L'application du texte dans toute sa rigueur (Sous-section I) incite parfois les parties à emprunter la voie, inadaptée, de l'adoption (Sous-section II).
L'exigence d'un nombre minimum d'enfants communs
L'exigence d'un nombre minimum d'enfants communs
Corollaire de la notion de partage conjonctif
– Pour que le partage soit conjonctif, il lui faut plusieurs parties prenantes. – Pour qu'il y ait partage conjonctif, il faut nécessairement qu'il y ait pluralité de donataires recueillant leurs droits dans la libéralité conjonctive. En pratique, les donateurs doivent donc avoir au moins deux enfants issus de leur union commune, puisque ce n'est qu'à leur égard qu'il est possible de parler de partage conjonctif. Ce n'était pas une évidence découlant du libellé de l'article 1076-1 du Code civil, mais une réponse ministérielle a confirmé cette solution quelques mois après l'entrée en vigueur du dispositif. Nul ne peut savoir si tel était, effectivement, le vœu du législateur ; il demeure que la doctrine paraît unanimement partager ce point de vue.
– Étroitesse du chas de l'aiguille. – Autant dire qu'en définitive, compte tenu des conditions à réunir, rares seront les familles admises à recourir au schéma novateur que la réforme de 2006 vantait pourtant comme étant l'une de ses grandes évolutions. En sont de facto exclus les couples ayant refait leur vie tardivement et qui pourtant, de par leur âge, auraient peut-être trouvé intérêt à pareille transmission, que ce soit pour assurer celle de leur logement, ou pour permettre à leurs descendants de financer l'accès au leur. Ce qui explique l'observation, dans la pratique notariale, d'un autre phénomène…
« Rendre des enfants communs »
– La tentation de l'adoption. – Grande est la tentation, dans certaines familles recomposées, de s'orienter vers une adoption (simple, le plus souvent) du ou des enfants du conjoint, parfois de manière croisée et réciproque. Le succès n'est pas toujours au rendez-vous, soit en amont (défaut de consentement d'un adopté, opposition témoignée par l'autre parent naturel, refus d'homologation judiciaire…), soit, plus décevant encore, en aval (tensions familiales et querelles causées par le nouveau statut). Car c'est un euphémisme de dire que la consécration officielle de nouveaux liens de famille n'est pas un changement anodin : les droits et les obligations qu'elle crée, notamment en termes d'obligation alimentaire, vont bien au-delà d'une simple transmission patrimoniale.

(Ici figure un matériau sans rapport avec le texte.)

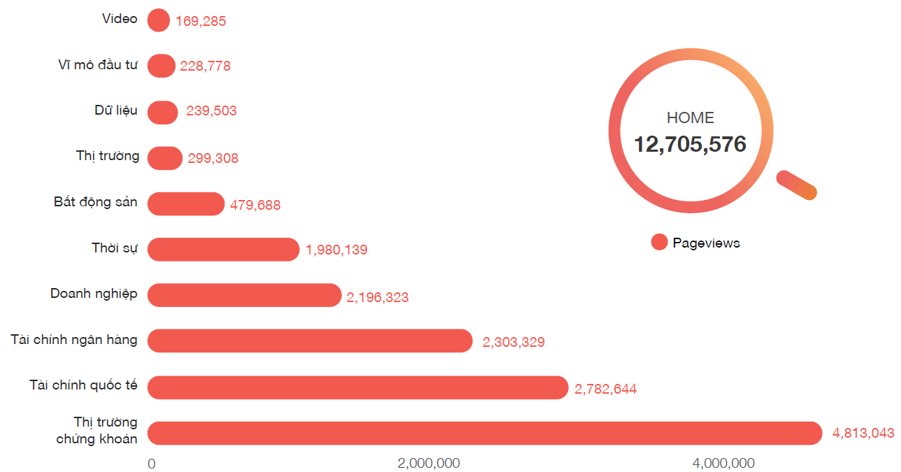 CafeF hiện có 10 chuyên mục, trong đó lượng Traffic lớn nhất đến từ chuyên mục Thị trường chứng khoán. Đây là chuyên mục cung cấp những tin tức nóng hổi nhất về những biến động thị trường chứng khoán trong nước và quốc tế, giúp các độc giả có được những thông tin nhanh chóng, chuẩn xác phục vụ mục đích đầu tư và kinh doanh của mình. Chính vì thế, chuyên mục này đã trở thành chuyên mục “hot” của CafeF với hơn 4,8 triệu PageViews.

– Une récente ouverture. – Cette disproportion risque d'ailleurs d'être aggravée par la réforme récente du droit de l'adoption. La loi du 21 février 2022 ouvre l'accès à l'adoption à tous les couples non mariés. Seule est requise désormais la preuve d'une communauté de vie d'au moins un an, condition bien maigre pour confirmer la maturité d'un tel engagement, d'autant que si elle est remplie elle chasse les conditions d'âge minimum.
Fiscalité des transmissions à titre gratuit entre adoptants et adoptés : élargissement civil, mais pas d'évasion fiscale !
La réforme de février 2022 n'a pas abordé la dimension fiscale des conséquences patrimoniales de l'adoption, à savoir la nature des taux applicables aux mutations à titre gratuit entre adoptants et adoptés. Tous n'en sont pas forcément conscients, mais l'article 786 du Code général des impôts qui régule la question n'a pas été retouché. Il s'ensuit que l'enfant adopté simplement par le concubin ou le partenaire de son parent demeure fiscalisé au taux entre étrangers s'il recueille à titre gratuit des biens de ce dernier. En revanche, celui adopté par le conjoint marié de son parent profitera du taux applicable en ligne directe. Il est curieux de constater qu'aucune discrimination n'a été décelée ici.